SPECIAL = "George Washington's Secret Six"

"The British were being played, and from the least likely of corners.  But they remained oblivious to the double-dealings in their midst.  The parties went on.  The coffeehouse debates continued as the officers went about surrounded by their circles of admirers. Major Andre's silly love poems were composed and published in Rivington's "Royal Gazette". The wine and words flowed freely as they bantered about their plans. The Army was in garrison -- comfortable, amused and completely oblivious to the fact that any shopkeeper, newspaperman, or charming lady in their midst was listening, remembering, and plotting,"

- Brian Kilmeade
The place was New York City.  The time was the Revolutionary War in America.  The British Army under Sir William Howe had occupied this, the largest city in North America since September of 1776.  General George Washington, commanding the rag-tag collection of professional soldiers, officers, and militiamen calling itself the American Army was camped outside of New York, smarting from the way in which he and his army were run out of that city, and looking for a way to get back in. The British had made their Headquarters there and in spite of  Washington's fervent hopes of ejecting them, they would in fact remain there for the entire war. Washington absolutely had to find some way of penetrating inside New York and gathering intelligence on what the Brits were up to.  And how he managed to do so is the subject of  the truly fascinating book "George Washington's Secret Six - the Spy Ring That Saved the American Revolution." by Brian Kilmeade of Fox News and Don Yaeger.    

The "Culper" Spy Ring 

Through correspondence between Washington and the spies or between the spies themselves, and through careful examination of business records. Kilmeade and Yaeger have compiled a richly detailed, and compelling tale of courage and sacrifice in the heart of the enemy: in British-occupied New York City. They tell the story of six ordinary colonial citizens, known as the "Culpers": Abraham Woodhull, a gentleman bachelor farmer, and Robert Townsend, a gently-natured Quaker merchant and reporter for a British publication; the Royal Gazette. They tell of the owner of that publication, and of a popular coffeehouse, James Rivington (above) who was viewed by his countrymen as an outspoken loyalist to the Brits. We learn about Austin Roe and his tavern, and Caleb Brewster, a tough longshoreman who ferried much of the information to the Americans. And most interestingly of all (to me, anyway) we learn of a woman who has never been identified, known only as agent "355" in the correspondence. This young lady of society was able to pick up important scraps of information by flattering self-important British officers who thought of themselves as impressive lady's men while unaware of just how useful they were being to this lady. 

Anonymous Heroes

Between them, they provided information that: foiled a British attempt to flood American markets with counterfeit currency, and stopped a British plan to ambush the troops of the French when they joined the American cause. In one remarkable instance they were able to acquire a copy of the British Naval Code Book, and present it to French Admiral D'Estaing in time to aid him in 
defeating the British fleet off of Yorktown Virginia.  This wound up cutting off the escape of Cornwallis' Army for the decisive victory of the war. And perhaps most importantly, they provided the information which enabled their leader, American Major Benjamin Tallmadge (Codenamed "John Bolton", left) to break the plot by Benedict Arnold to hand over the American fortress at West Point to the British.  And we see how most of these "moles' wished to stay unknown for their brave and heroic service to our country at the moment of her birth.  

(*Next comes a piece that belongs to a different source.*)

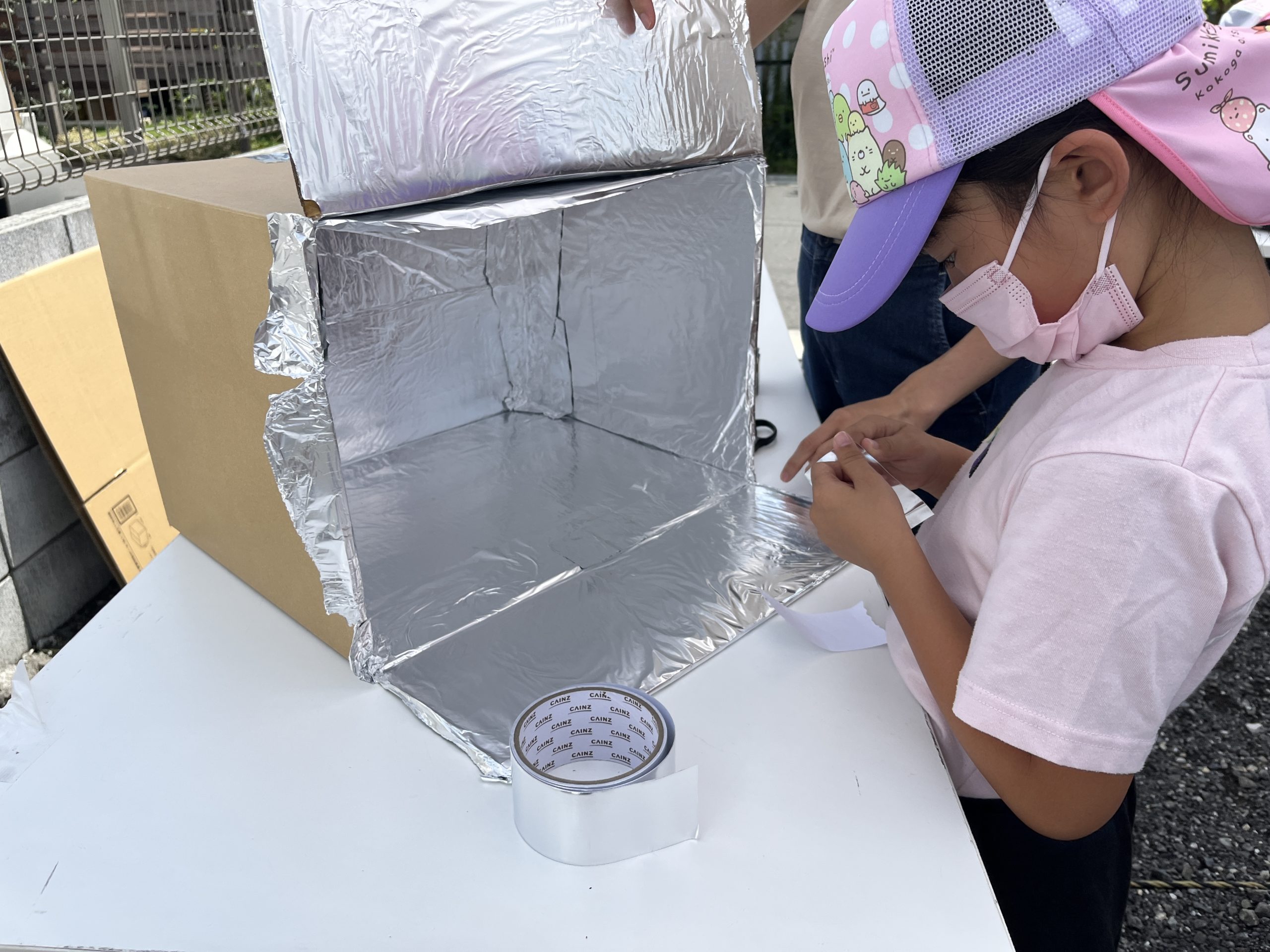 ピザ窯の内部になる部分をのりでアルミを貼っていきます。

All in all, Mssrs. Kilmeade and Yaeger have given us a fascinating look at a chapter of American Revolutionary history about which little has been written before this book's publication last Fall.* It reads like... well like a spy novel, which is afterall exactly what it is.. only it's true!! I can strongly recommend it for anybody who likes a good tale whether they prefer fiction or non-fiction.  It is a top-notch read!!!

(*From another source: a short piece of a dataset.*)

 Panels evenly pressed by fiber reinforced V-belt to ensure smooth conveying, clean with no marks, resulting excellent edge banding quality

You can get it at Amazon, Barnes & Noble, or most any bookstore or in Kindle or other online formats.

by Brian Kilmeade and Don Yaeger, Sentinel, Publ. by the Penguin Group, New York, 2013.

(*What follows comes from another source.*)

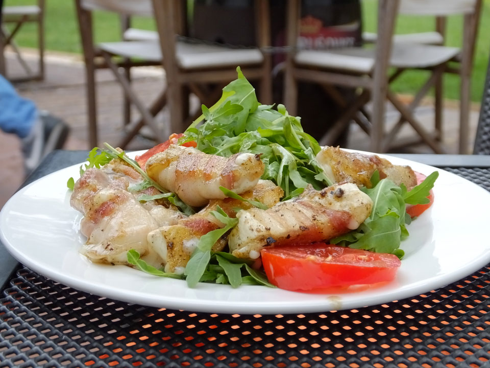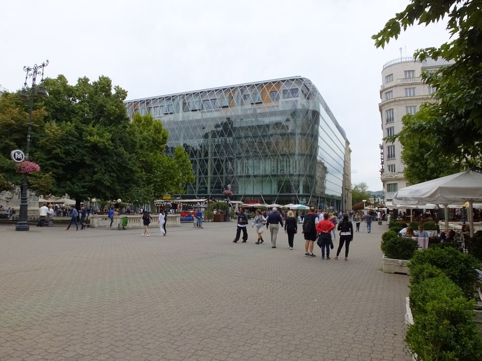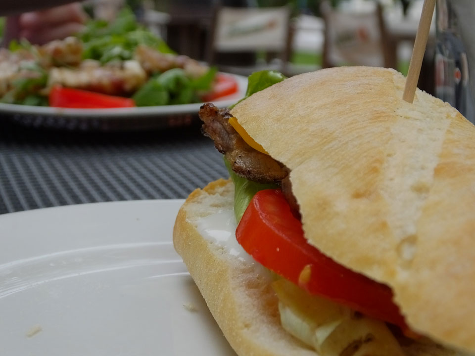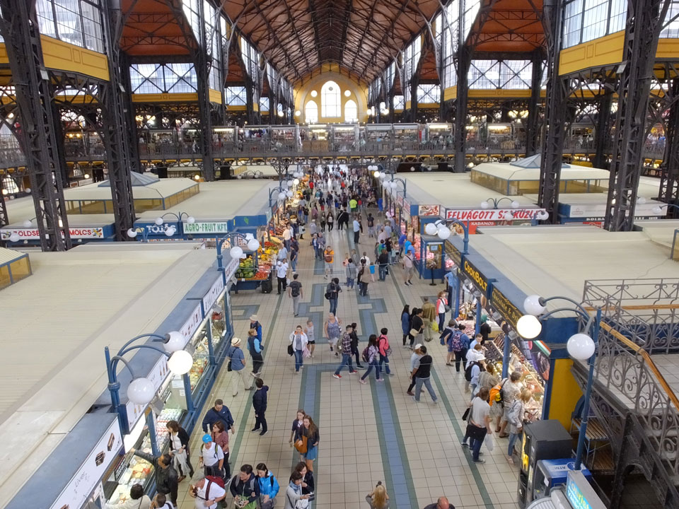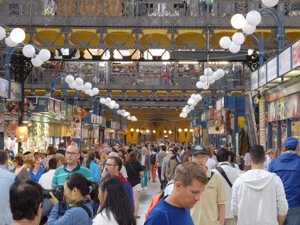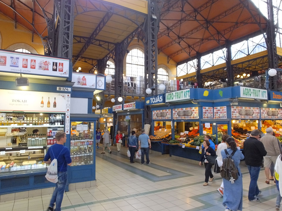 Schließlich kamen wir zur Markthalle, die auch touristisch ausgestattet war. Ich hatte heute eine leichte Abneigung zu Toury-Sachen aber das legte sich langsam, als ich mal eine Runde in die Hinterstraßen drehen konnte und mal das normale Budapest sah. Mit der Metro nach Széchenyi kamen wir auch irgendwie und aßen dort was vor’m Bad. Ich hatte ein Sandwich und der Salat mit um Camembert gewickelten Bacon sah auch gut aus, schmeckte lecker.

* = When I wrote this book review last January, I was unaware of the book "Washington's Spies" by the author David Rose published by Bantam Books in 2006.  Of course Mr. Rose's book is the basis for the fascinating TV series "Turn" presently being shown on the AMC Cable TV Network. I am watching "Turn" with the same interest that I am sure many of you are.  It is a very well done series, so I'm glad that it is showing a light on this chapter of American History just as Mr. Kilmeade's book has done.  As far as Mr. Rose's book goes... how it compares to Mr. Kilmeade's book, and how well the TV series translates this to our living rooms.. well that will have to wait until I have read Mr. Rose's book.  But I am presently engaged in that very enterprise, so keep an eye on this Blog and hopefully by the end of this month, I will have something to tell you about that.  BUT...... one thing I can tell you: the AMC series definitely has it wrong in one particular detail - the character of Abraham Woodhull was a bachelor during the whole of the Revolutionary War period; he did not marry until 1781 (according to Wikipedia - so I'm guessing that this character of his wife was invented by the writers for dramatic reasons... I guess I'll have to find out about that.  But in any event... keep an eye on this Blog.. I'll have something to you about this soon....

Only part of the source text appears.